Он бродил по трактирам, рынкам, толкался среди народа, чувствуя потребность какой-нибудь надежды и утешения, и в отчаянии хотел крикнуть толпе на всю улицу: «Люди, ради Бога, спасите ее! Как вы можете заниматься делами, смеяться, спешить, есть, когда совершается ужасное дело: чуть ли не на глазах будут душить маленькую, тщедушную, больную, жалкую девушку, которая не в силах будет сопротивляться, сделать движение для борьбы, протестовать. Слышите?.. будут душить… задушат..!»
Он не мог выносить представления об этой безобразной, варварской сцене, когда безответную, слабую, одинокую девушку окружат за толстыми крепостными стенами вооруженные с ног до головы жандармы, солдаты и казаки, генералы, офицеры и чиновники и спокойно повесят ее, как собачонку, и ни у кого не заговорит жалость, простой стыд, человеческое чувство…
— Ничего у них нет, ничего! — стонал он, полный безнадежного отчаяния, и то бежал без оглядки со взглядом безумца, то почти в бессилии останавливался в подворотнях и беззвучно рыдал…

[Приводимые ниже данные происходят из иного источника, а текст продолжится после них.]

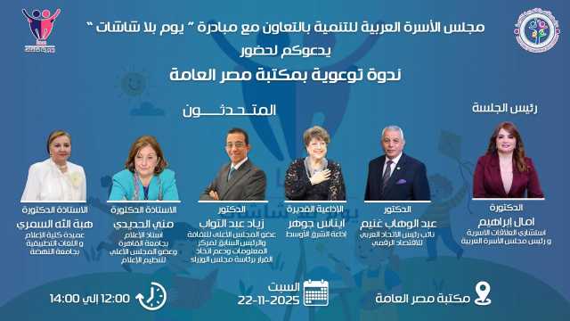يعقد مجلس الأسرة العربية للتنمية أحد مجالس الاتحاد العربي للتنمية المستدامة والبيئة، بالتعاون مع مبادرة "يوم بلا شاشات.. معًا نتواصل"، السبت المقبل، ندوة توعوية موسعة، في مكتبة مصر العامة، وذلك لتعزيز الوعي الأسري والإعلامي في مواجهة تحديات العصر الرقمي، تحت رعاية أ.د. منى الحديدي أستاذة الإعلام بجامعة القاهرة، وترأس الجلسة الدكتور آمال إبراهيم رئيس مجلس الأسرة العربية للتنمية، وبمشاركة نخبة من الخبراء والإعلاميين والمتخصصين في التنمية البشرية والإعلام الرقمي.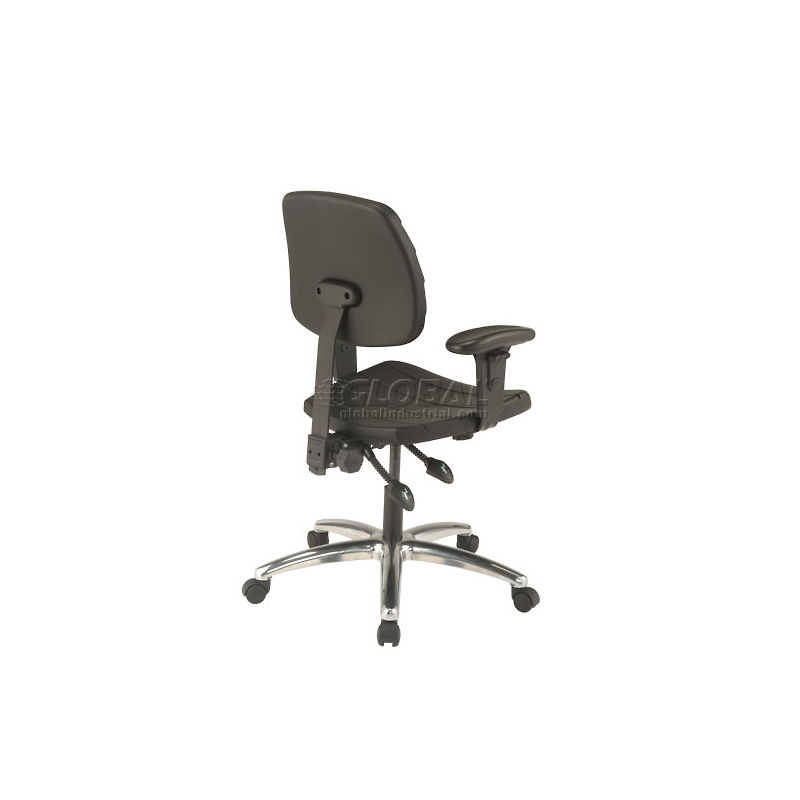 This posture chair is great for use in drafting, studios and shops. This drafting chairs ergonomic design and engineering helps provide proper work posture that improves productivity and helps reduce fatigue. The ribbed seat and back of this drafting chair provides comfort and support for extended sitting periods. High density foam core and seat plate reinforcement offer wear and puncture resistance. This modern polyurethane chairs ribbed back is contoured for lumbar support. Features large seat and back; Seat measures 20″W x 18″D x 2″ thick. Back measures 17-3/4″W x 13-1/2″H x 1-1/2″ thick. Waterfall edge seat helps improve leg circulation. Extra large 26″ diameter chrome plated steel 5-blade base. 17″ -22″ pneumatic seat height adjustment. Other ergonomic adjustments include back angle and back height adjustment. Armrests measure 4″W x 10″L and are contoured for full arm support. Armrests are adjustable up to 3 vertically and 1-1/2″ side-to-side. Easy assembly. 1 Year Limited Warranty. Compatible glides sold separately.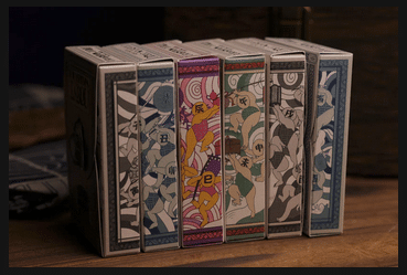 The card backs of the Urashima Tarou Origami Editions are a tribute to the elegance of simplicity and the heart of the tale. Featuring a minimalist design inspired by the intricate patterns of a sea turtle’s shell, each back is rendered in a single, bold color.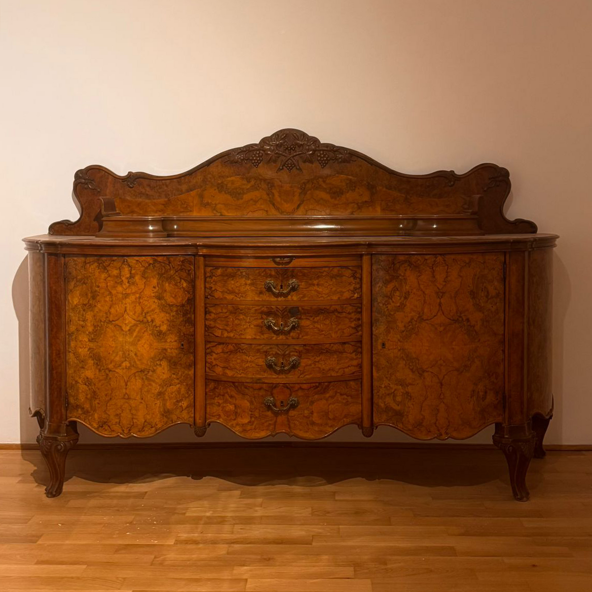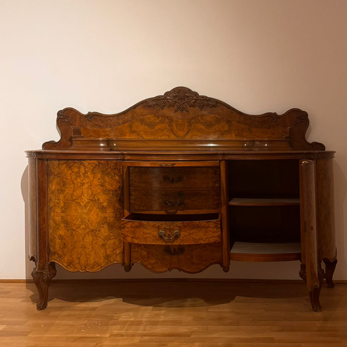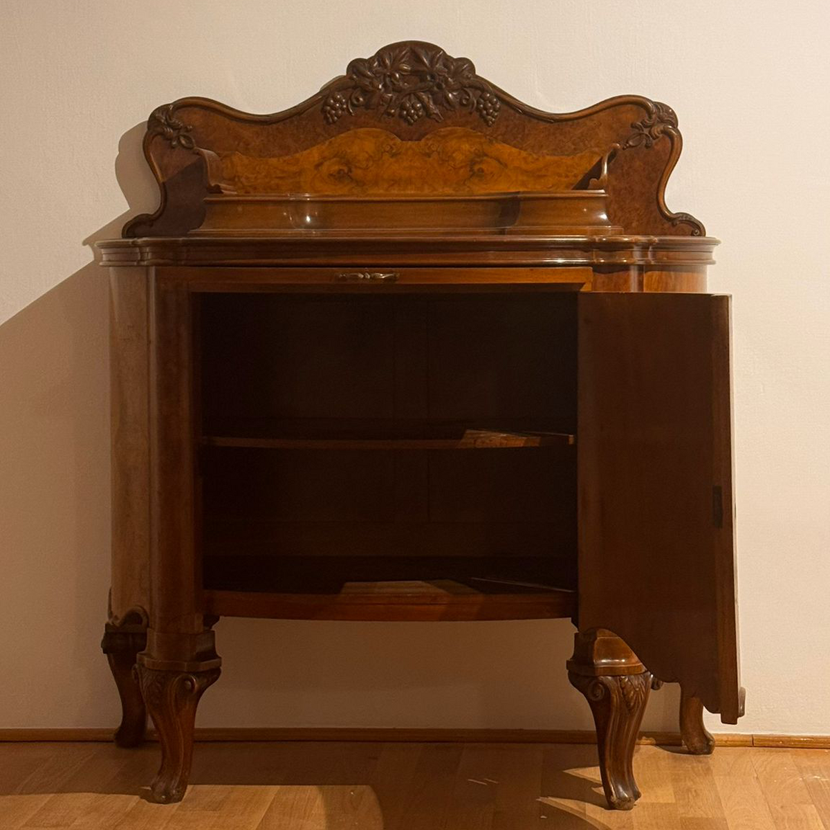 Vand set de mobilier stil Chippendale, realizat in perioada 1920–1935, cu furnir de nuc si decor floral viticol. Piesele sunt intr-o stare buna, cu componente originale.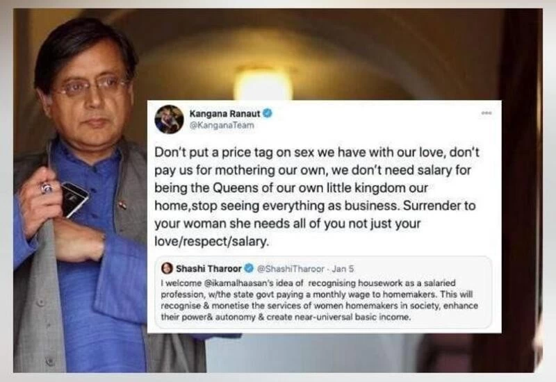 New Delhi: Politician Shashi Tharoor has responded to Kangana Ranaut's reaction after she opposed to the idea of recognising home-making as a salaried profession as endorsed by actor-turned-politician, Kamal Hassan.

Часы шли; день кончился; спустилась ночь, а Печалин все метался по городу, нестерпимо страдая от сознания своей чудовищной, непростительной вины перед несчастной девушкой. Мучения совести жгли его, раскаяние грызло, он изнемог от душевной пытки.
— Я! я отдал ее на виселицу, я! — стонал он в припадке муки. — Я ее палач!..

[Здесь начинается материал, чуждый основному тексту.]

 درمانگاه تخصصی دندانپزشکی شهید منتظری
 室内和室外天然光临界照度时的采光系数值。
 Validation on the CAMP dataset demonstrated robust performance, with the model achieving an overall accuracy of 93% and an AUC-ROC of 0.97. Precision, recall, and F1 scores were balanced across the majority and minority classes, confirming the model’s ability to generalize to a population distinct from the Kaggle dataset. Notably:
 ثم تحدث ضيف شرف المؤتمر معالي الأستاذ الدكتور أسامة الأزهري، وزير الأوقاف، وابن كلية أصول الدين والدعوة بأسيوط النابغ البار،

Печалин сознавал, что, спасая тогда Леонову, он отнял ее от смерти в высший момент ее душевного подъема, когда она, как солдат в бою, была подготовлена ко всему, когда смерть была не страшна ей, а являлась естественным последствием действий девушки. Его сводила с ума мысль, что если б не его энергия и страстное желание спасти Леонову, она бы тогда спокойно умерла, и палачи не могли бы тешиться над ней. Нравственное потрясение Печалина было ужасно, и он готов был убить себя, потому что он неисчислимо умножил страдания девушки, что своими стараниями он подготовил ее к утонченной казни, на сверхъестественный, непосильный ужас…

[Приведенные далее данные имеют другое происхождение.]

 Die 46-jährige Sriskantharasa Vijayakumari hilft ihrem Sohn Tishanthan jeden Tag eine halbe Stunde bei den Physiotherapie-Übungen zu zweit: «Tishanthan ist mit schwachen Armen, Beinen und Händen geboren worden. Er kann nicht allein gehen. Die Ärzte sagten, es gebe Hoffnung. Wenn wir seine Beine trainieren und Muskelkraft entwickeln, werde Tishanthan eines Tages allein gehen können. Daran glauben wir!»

Ветер бушевал, но Печалин не замечал бури, дождя и холода. Он был всецело поглощен своим несчастьем и безумными муками. Приближалась полночь. В безграничном инстинктивном стремлении быть ближе к месту, где по его вине принимает страдальческую смерть самое дорогое для него существо на свете, он очутился на мосту и в пароксизме ужаса простер руки в даль…
— Леонова!.. — крикнул он в смертельной тоске, в безумной надежде, что его голос донесется до нее в последние минуты жизни и она не будет одна. — Леонова!.. Леонова!..
Но все кругом было тихо, — никакой надежды на спасение; река бурлила, крепость тонула в ночной осенней мгле. Лишь несколько мерцавших вдали огоньков, словно искры, да блестевший в черном пространстве, как лезвие кинжала, золоченый шпиц указывали Печалину место, где разыгрывается трагедия его жизни.
Глухо, медленно стал проноситься в пространстве унылый, как погребальный звон, полуночный бой крепостных часов.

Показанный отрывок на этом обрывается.